**TASK DATA**
· · ·

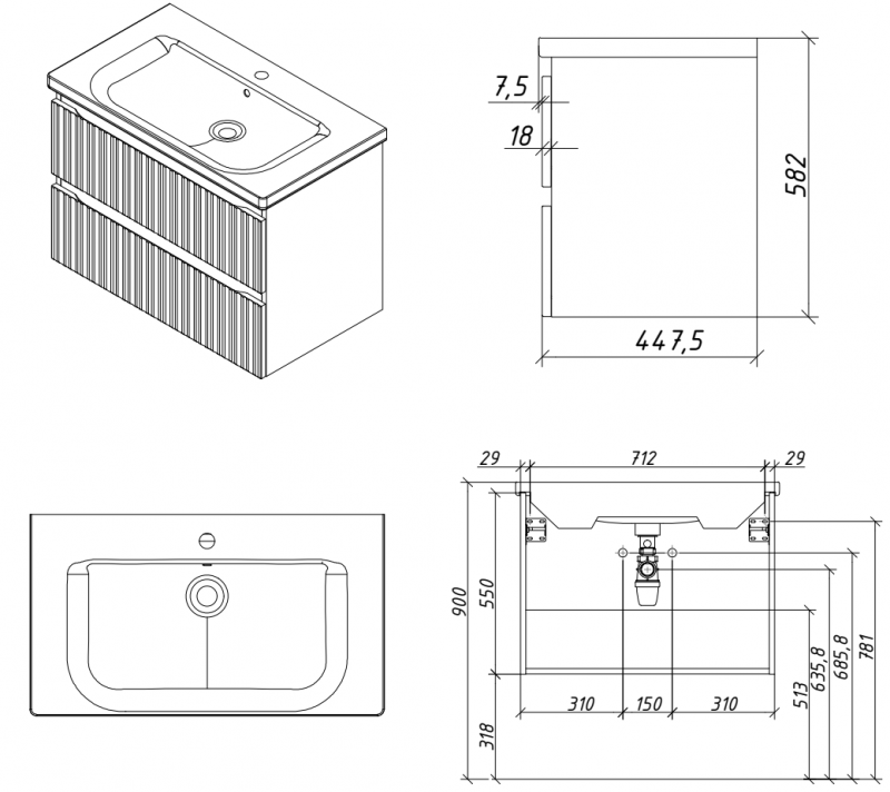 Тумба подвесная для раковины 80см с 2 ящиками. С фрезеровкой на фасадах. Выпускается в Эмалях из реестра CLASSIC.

· · ·

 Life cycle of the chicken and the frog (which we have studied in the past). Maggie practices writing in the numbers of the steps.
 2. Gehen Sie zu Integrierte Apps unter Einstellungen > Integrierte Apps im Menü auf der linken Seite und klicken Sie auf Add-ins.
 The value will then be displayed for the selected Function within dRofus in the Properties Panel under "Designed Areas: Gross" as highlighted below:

· · ·

**EXERCISE REQUIREMENTS**
From the listing above, repeat exactly the lines starting at the line that includes "2. Gehen Sie" and ending at the line that includes "The value will", with nothing outside that span.

**SOLUTION FOR THIS TASK**
 2. Gehen Sie zu Integrierte Apps unter Einstellungen > Integrierte Apps im Menü auf der linken Seite und klicken Sie auf Add-ins.
 The value will then be displayed for the selected Function within dRofus in the Properties Panel under "Designed Areas: Gross" as highlighted below:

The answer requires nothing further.